*Exercise details*:
Everything in the listing below should be repeated exactly, apart from the pictures.

*Data shown*:
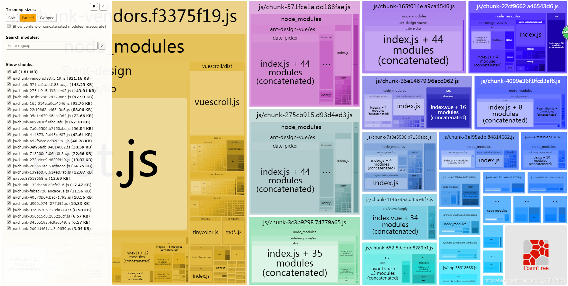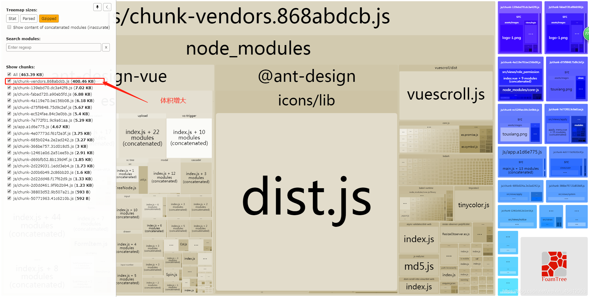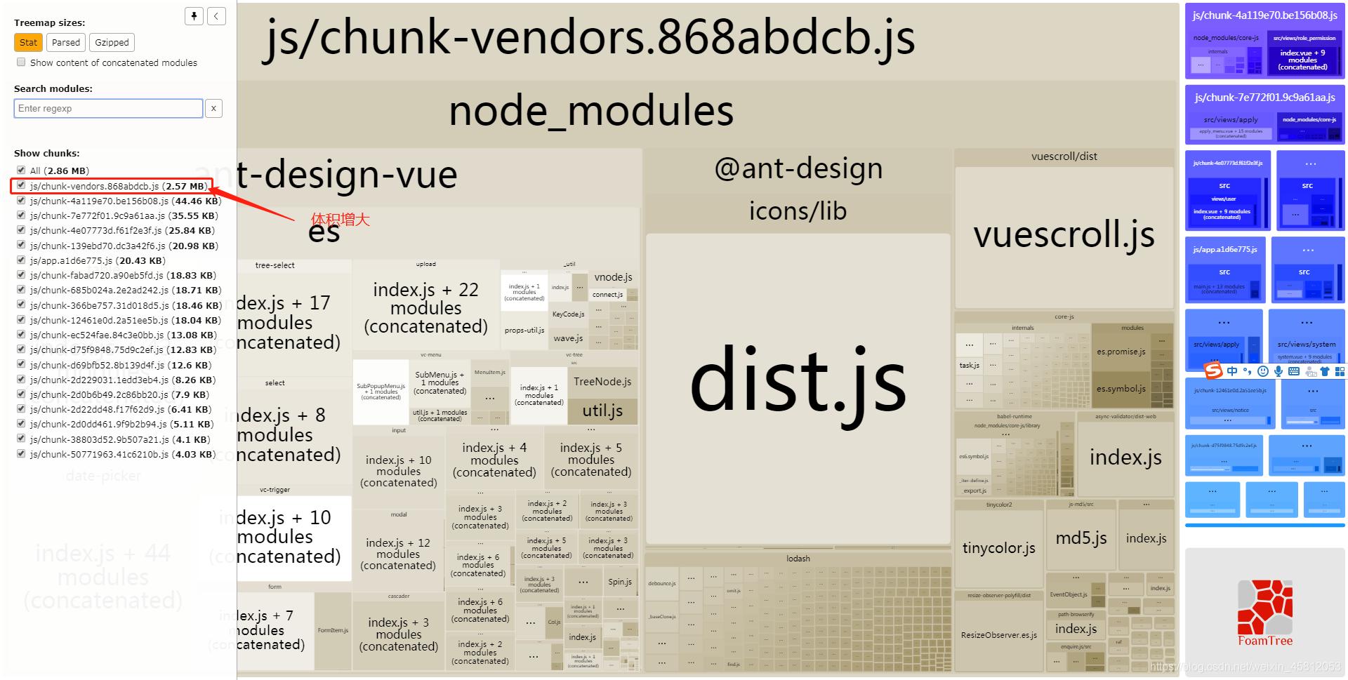 | 单.vue文件按需引入antd | vue.use 按需引入antd 组件 | stat | 3.8MB | 2.86MB | parsed | 1.81MB | 1.45MB | gzip | 581.94kb | 463.39kb | 区别 | 单个文件体积大,全局文件小,总体积大 | 单个文件体积小,全局文件大,总体积小 |
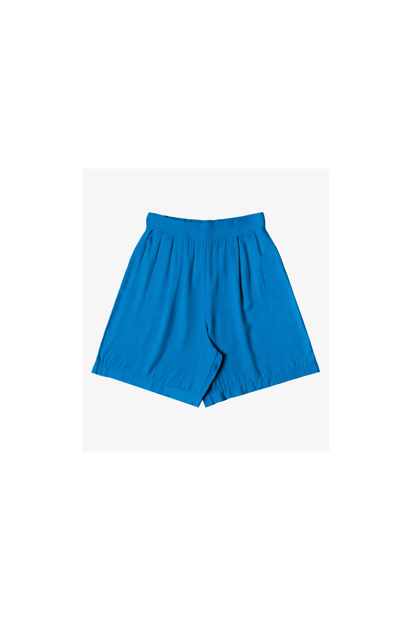 O design conta com cós aplicado, apresentando frente lisa e elástico embutido na parte de trás, que garante ajuste perfeito e conforto durante o uso. As pregas frontais viradas para fora adicionam um toque de charme e movimento ao visual, enquanto o acabamento da barra com bainha reforçada proporciona mais durabilidade e acabamento refinado.
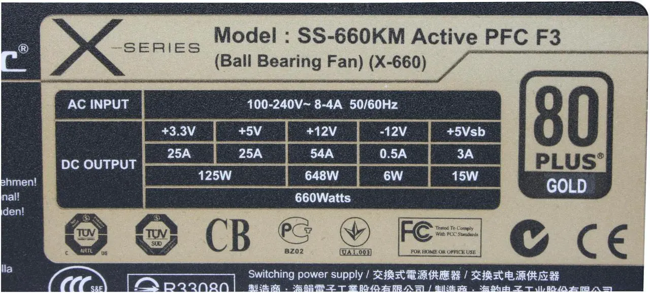 660W Continuous Power with Ample +12V OutputThe Seasonic X Series X-660 delivers 660W of reliable, continuous output to run most systems on the market today. Single strong +12V rail providing up to 54A ensures better graphics card compatibility and maximum provision of 12V power to multi-core CPUs and energy-hungry graphics cards, minimizing the likelihood of overload.
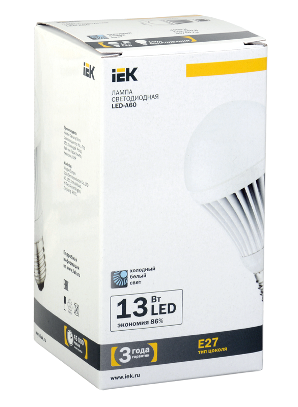 Полное описание товара Лампа светодиодная LED 13вт E27 белый (IEK) LL-A60-13-230-40-E27

*The completed task*:
 | 单.vue文件按需引入antd | vue.use 按需引入antd 组件 | stat | 3.8MB | 2.86MB | parsed | 1.81MB | 1.45MB | gzip | 581.94kb | 463.39kb | 区别 | 单个文件体积大,全局文件小,总体积大 | 单个文件体积小,全局文件大,总体积小 |
 O design conta com cós aplicado, apresentando frente lisa e elástico embutido na parte de trás, que garante ajuste perfeito e conforto durante o uso. As pregas frontais viradas para fora adicionam um toque de charme e movimento ao visual, enquanto o acabamento da barra com bainha reforçada proporciona mais durabilidade e acabamento refinado.
 660W Continuous Power with Ample +12V OutputThe Seasonic X Series X-660 delivers 660W of reliable, continuous output to run most systems on the market today. Single strong +12V rail providing up to 54A ensures better graphics card compatibility and maximum provision of 12V power to multi-core CPUs and energy-hungry graphics cards, minimizing the likelihood of overload.
 Полное описание товара Лампа светодиодная LED 13вт E27 белый (IEK) LL-A60-13-230-40-E27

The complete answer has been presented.